The “dirty laundry” email (in which Mann sent to Briffa and Osborn the residuals that he later refused to send me) had not been available to the NAS panel. With these residuals in hand (or even if the actual reconstruction steps had been made available), it was child’s play to see the failed verification r2, CE and other results.
As it was, the NAS panel was seemingly dumbfounded by Mann’s bald-faced answer and did not follow up. There was supposed to be an opportunity for public discussion after presentations. However, Mann fled the room before anyone from the public e.g. me had an opportunity to ask. I sharply criticized the NAS panel for sitting like bumps on a log and not following up. Nychka came up to me afterwards and said that, just because they didn’t say anything didn’t mean that they didn’t notice. They didn’t say anything in their report either on the topic so they might as well not have noticed.
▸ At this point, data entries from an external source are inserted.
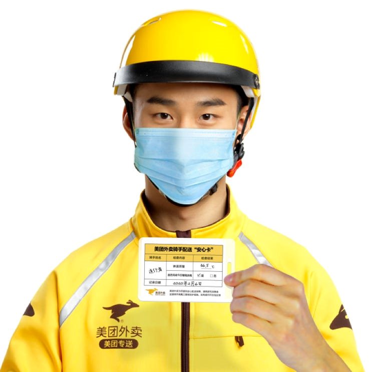 Tấm thẻ ghi tên và nhiệt độ tài xế giao hàng của Meituan. Ảnh: Meituan |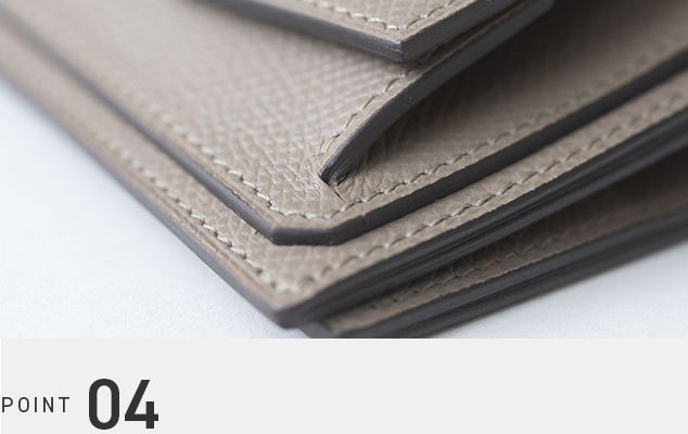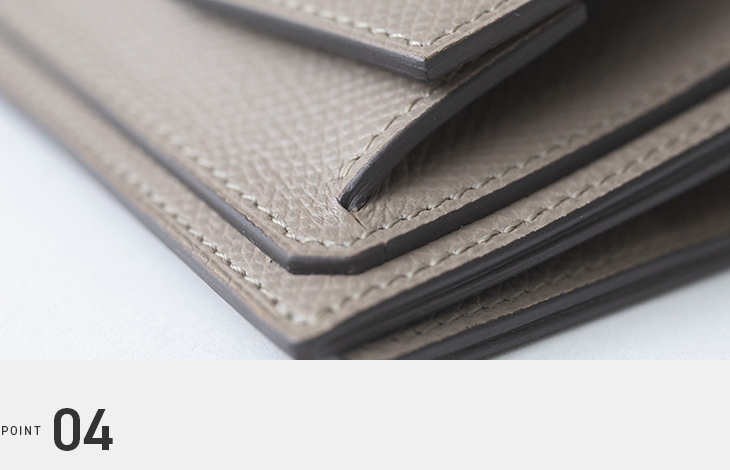 国内工房の職人が、一つひとつ丁寧に仕立てています。縫製やコバの処理といった細部までこだわり、耐久性と美しさを兼ね備えています。見えない部分まで手を抜かない職人技が、安心して使い続けられる信頼の品質を支えています。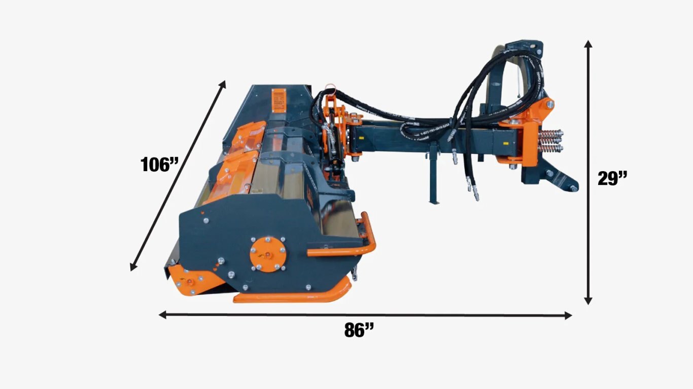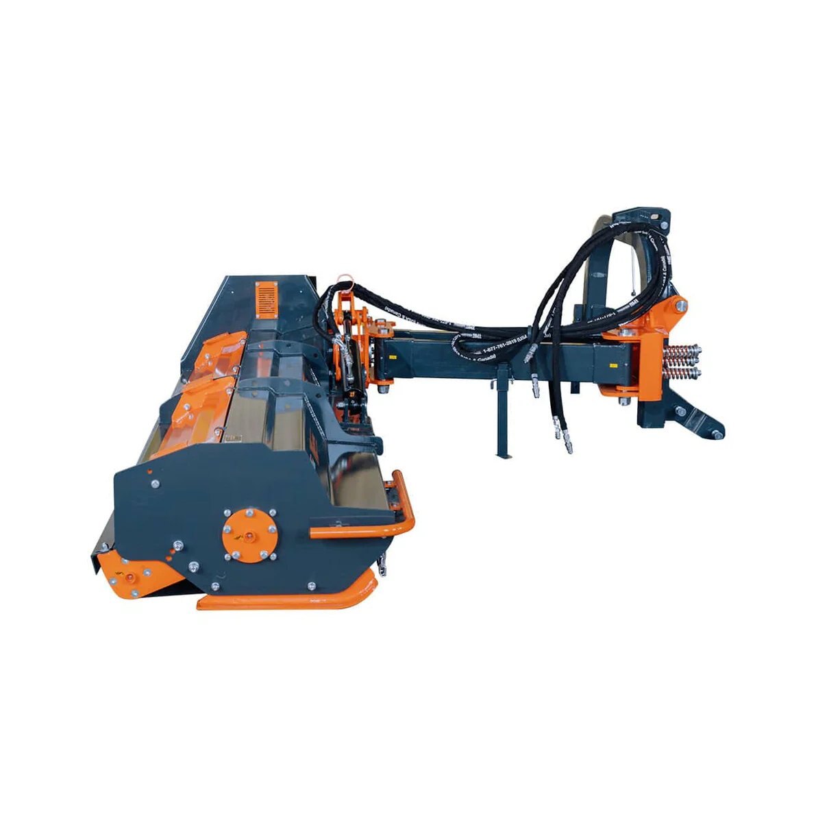 The TMG-TFMO100 Offset Ditch Bank Verge Flail Mower allows you to effortlessly tackle tough terrains with ease. Built for heavy-duty tasks, it has a heavy duty 2100 lb frame and a robust CMR gearbox from Italy, giving you a performance you can rely upon. With a 100” working width and a powerful hammer rotor, it handles all your cutting needs with precision and efficiency. Designed for long-lasting use and ease of maintenance, the mower includes an adjustable rear opening panel and a safety-equipped PTO shaft. It's equipped with a double spiral rotor, and has also passed stringent dynamic balance tests. Ideal for farms, estates, and professional landscaping, the TMG-TFMO100 guarantees powerful cutting performance across varied terrains, making it a versatile choice for maintaining large properties. |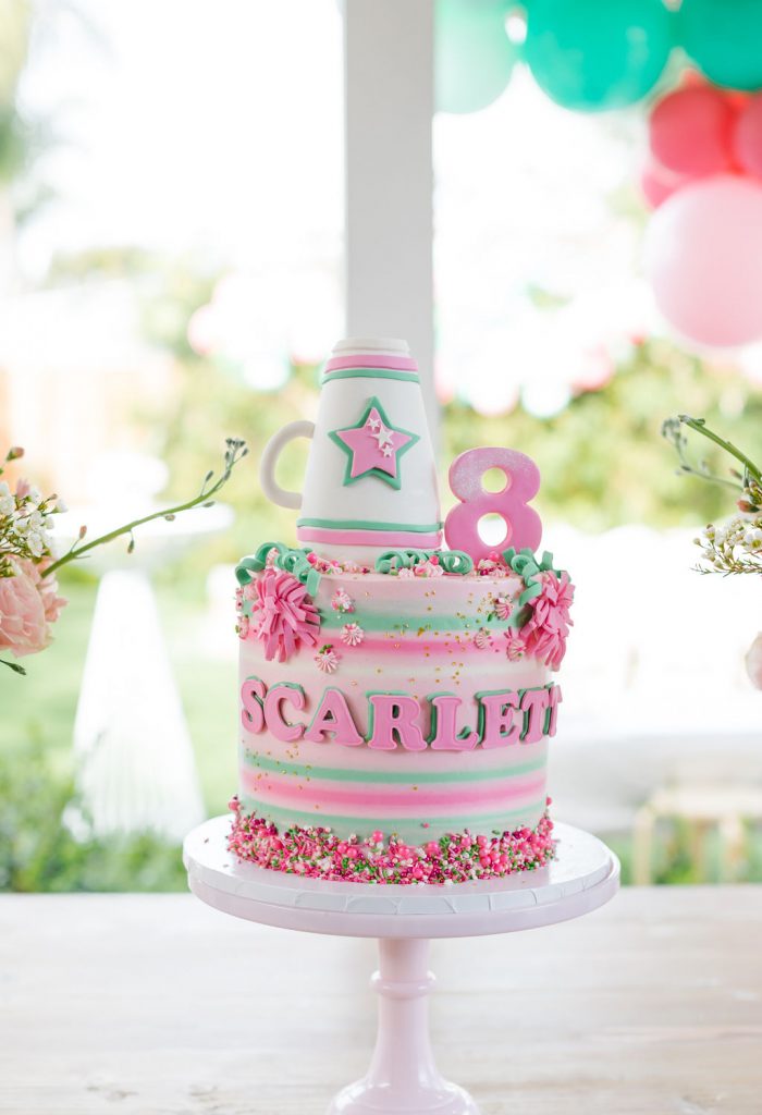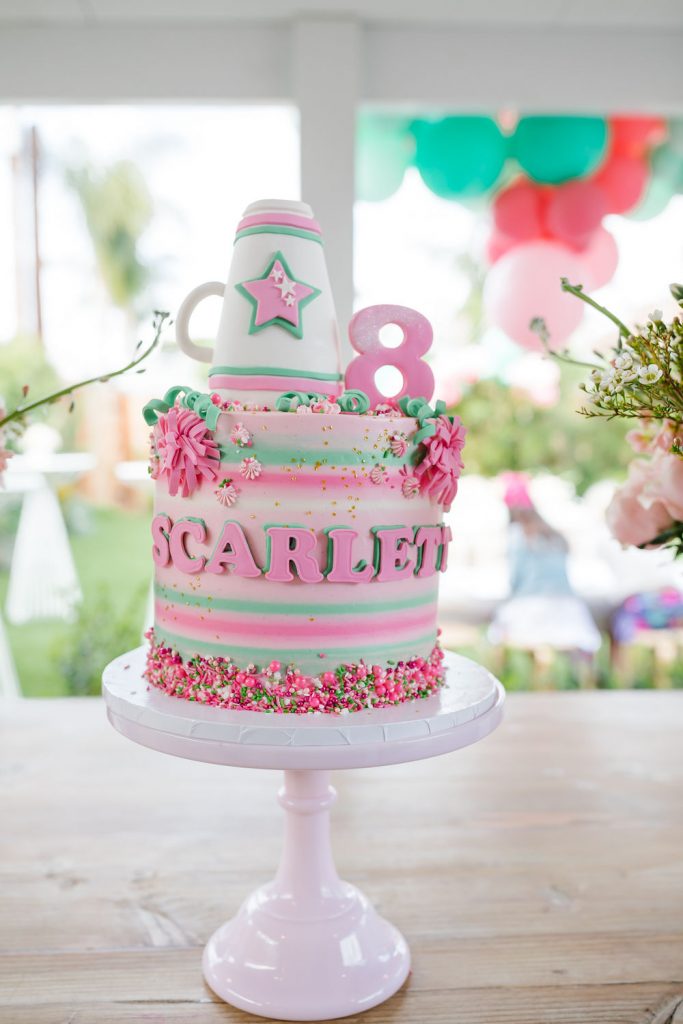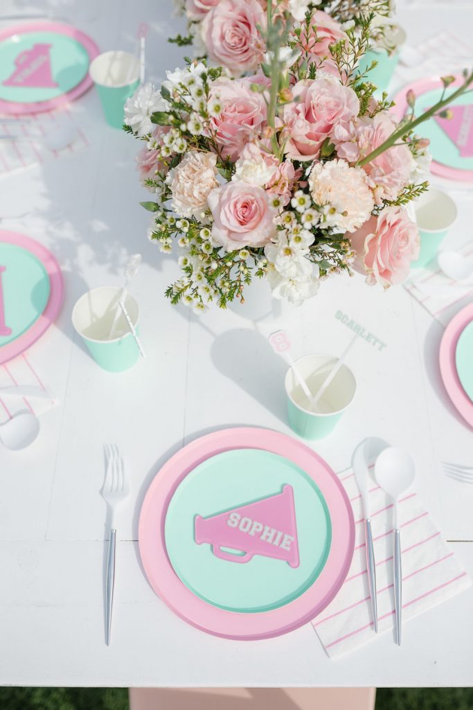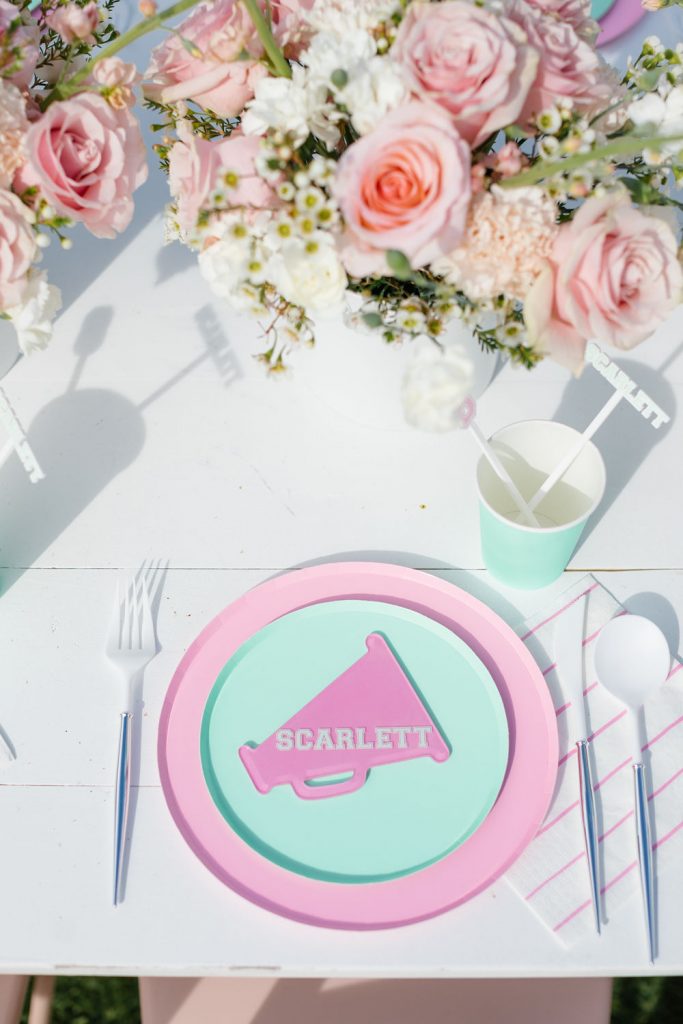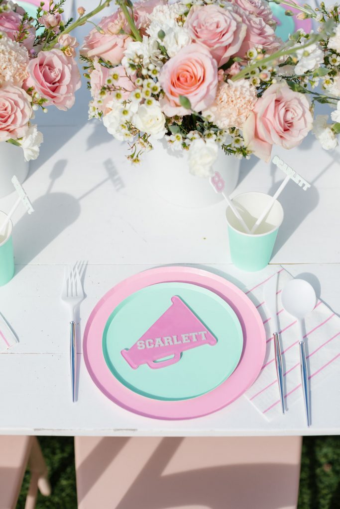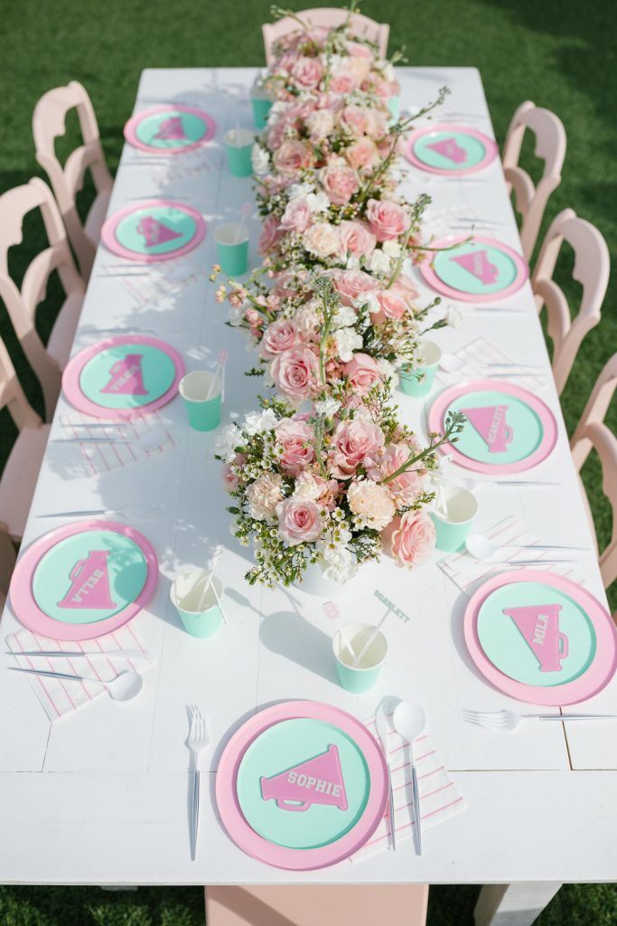 Scarlett was turning 8 and wanted to cheer her heart out with a cheerleader themed party! She loves the movie Zombies and we had so much fun using the greens and pinks from the cheerleaders in that movie to create this cute atmosphere. It doesn’t hurt that the party was held at our favorite Camp Lila – the cutest little venue with the most amazing art parties. Lets take a closer look at all the adorable details and fun captured by the amazing Alison Bernier!
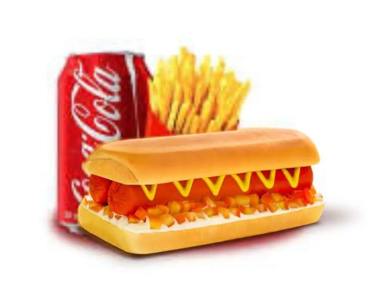 2 Dog simples + 2 batatas + 1 coca cola 600ml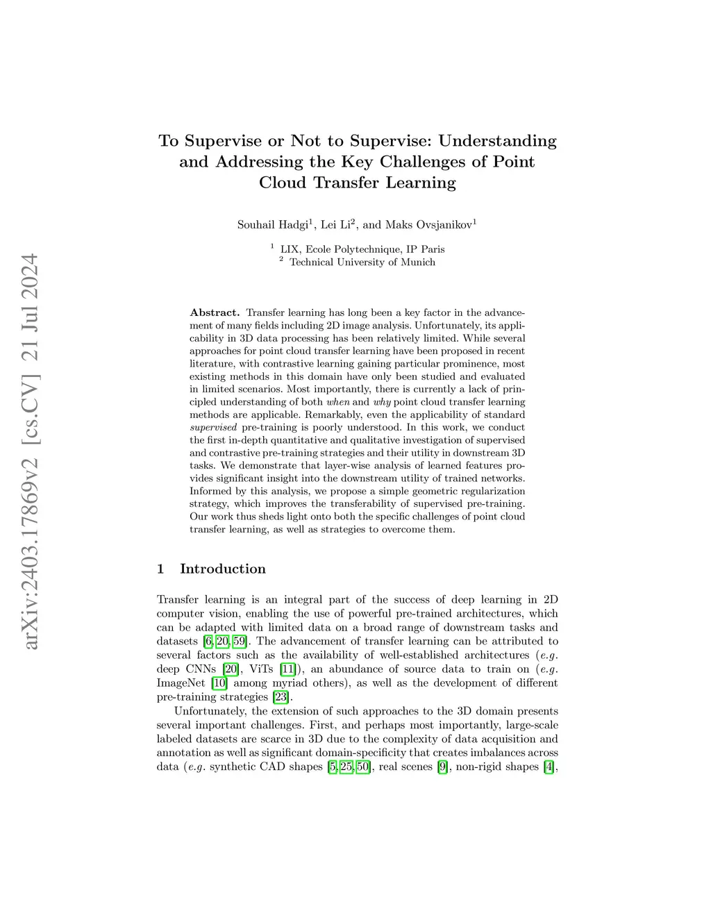 Transfer learning has long been a key factor in the advancement of many fields including 2D image analysis. Unfortunately, its applicability in 3D data processing has been relatively limited. While several approaches for 3D transfer learning have been proposed in recent literature, with contrastive learning gaining particular prominence, most existing methods in this domain have only been studied and evaluated in limited scenarios. Most importantly, there is currently a lack of principled understanding of both when and why 3D transfer learning methods are applicable. Remarkably, even the applicability of standard supervised pre-training is poorly understood. In this work, we conduct the first in-depth quantitative and qualitative investigation of supervised and contrastive pre-training strategies and their utility in downstream 3D tasks. We demonstrate that layer-wise analysis of learned features provides significant insight into the downstream utility of trained networks. Informed by this analysis, we propose a simple geometric regularization strategy, which improves the transferability of supervised pre-training. Our work thus sheds light onto both the specific challenges of 3D transfer learning, as well as strategies to overcome them.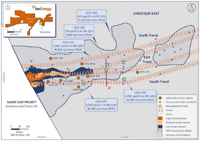 IsoEnergy durchschneidet stark erhöhte Radioaktivität in mehreren Bohrlöchern unmittelbar entlang des Streichs von Hurricane und im Step-Out-Zielgebiet D, 2,8 km östlich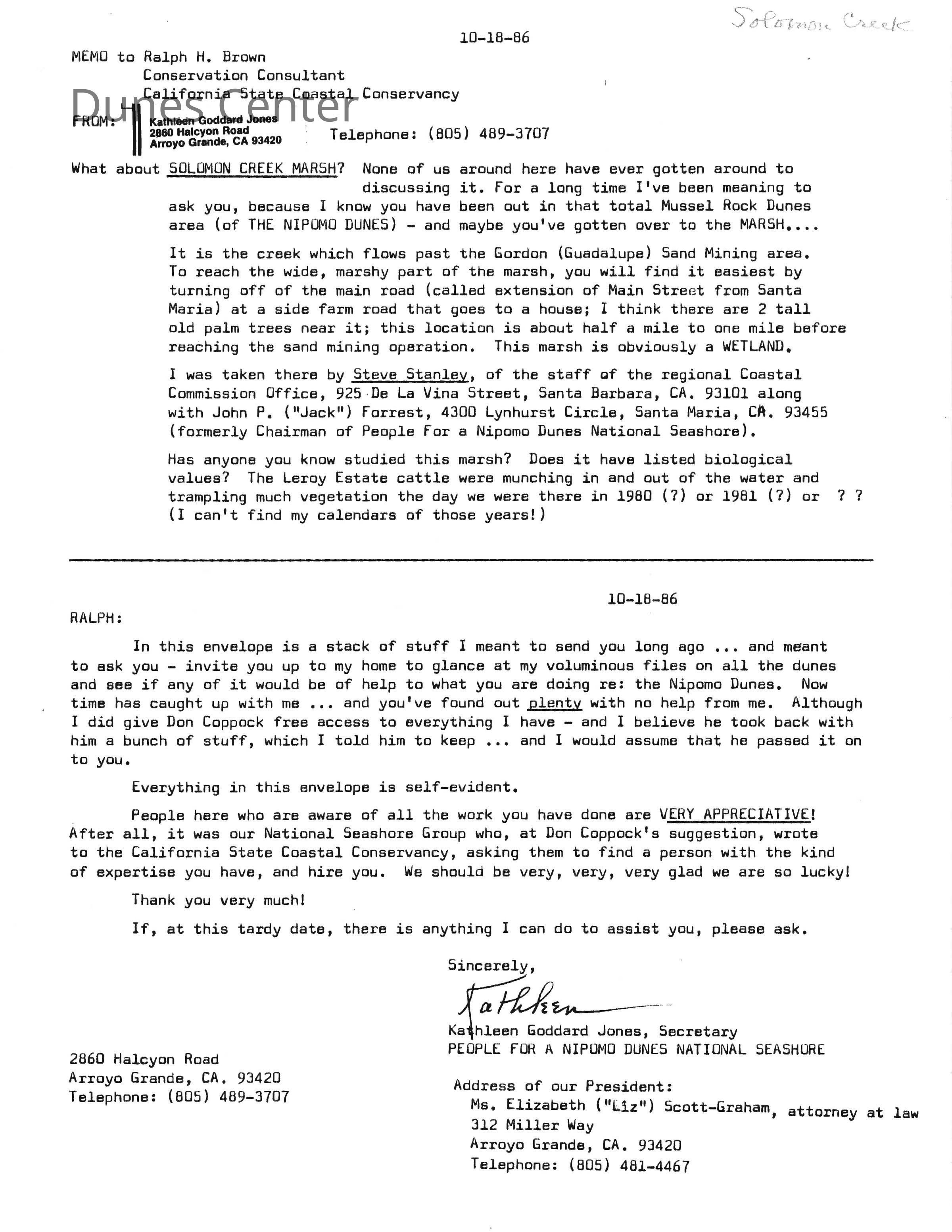 October 19,1986. Memorandum from Kathleen Goddard Jones to Ralph H. Brown the Conservation Consultant from the California State Coastal Conservancy.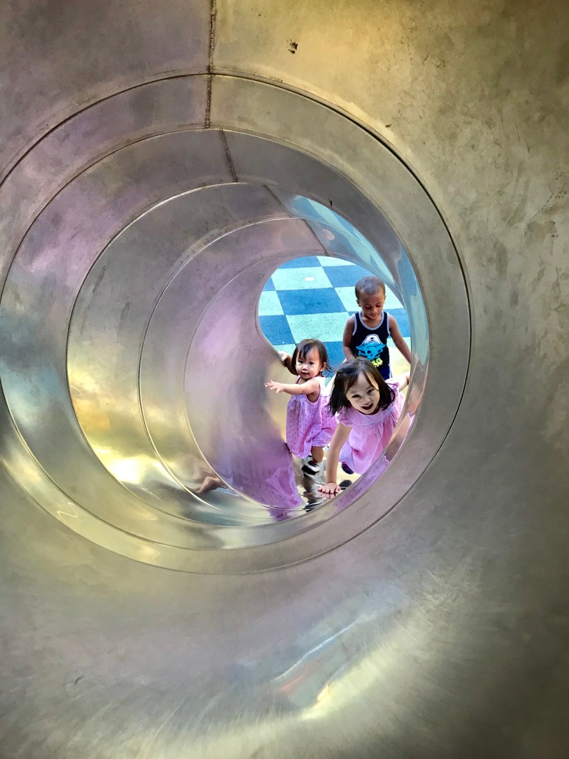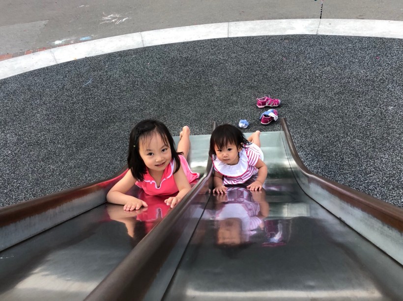 逛了一會,姐妹倆決定先到公園裡的兒童遊戲場玩,Chelsea 帶著 Florence 坐旋轉滑梯,兩人玩得相當開心盡興。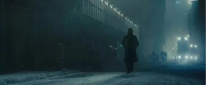 当K走在街上,他的身影映衬着寒冷的环境,他不必说一个字,电影调色板就已经揭示了他目前的情况和未来的不确定性。因为在电影调色板中,蓝色代表忧郁和孤立。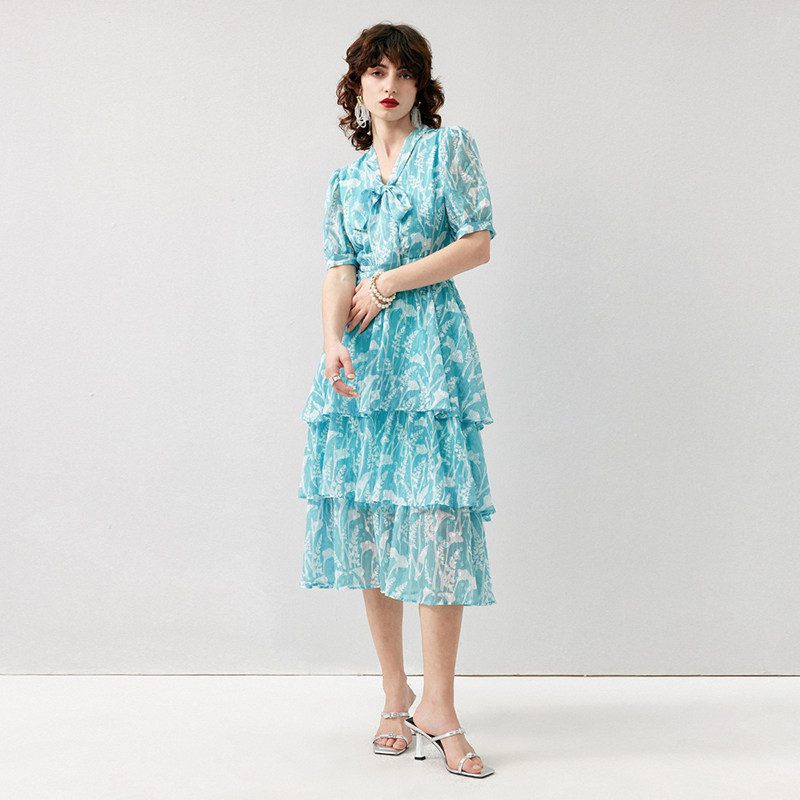 大摆连衣裙礼服裙 裙子2020亚马逊夏季 复古修身 纯色短袖 DRESS 新款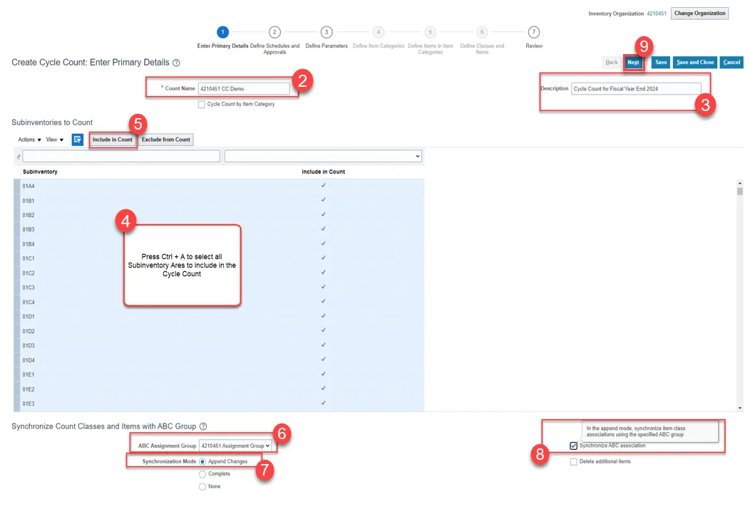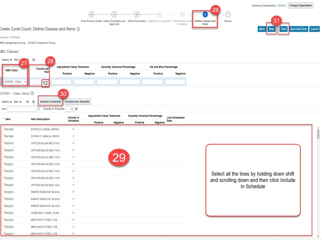 Step 29. Select all the Items to be included in the Cycle Count.

The Wahl and Ammann attempt to justify the failed verification r2 test was itself one more instance of the Texas sharpshooting. Once the failed verification r2 was exposed (and only after its exposure by third parties), they attempted to re-frame the question by now arguing that verification r2 wasn’t a relevant statistic – notwithstanding their use of the statistic in the illustration when it was to their advantage. Schmidt may find this impolite, but facts are sometimes stubborn.
The failure of the MBH verification r2 results was not as small a result at the time as now portrayed by the Team. Eduardo Zorita told me that his view on MBH changed once he knew of the failed verification r2. If Mann wanted to argue that the failed verification r2 didn’t “matter”, the failed results should have been reported and discussed in the original article.
Thus, while reconstructions relying on strip bark bulges of California bristlecones and magic Yamal larches have been published in orthodox scientific journals, this does not change the fact that the underlying analyses do not rise above phrenology.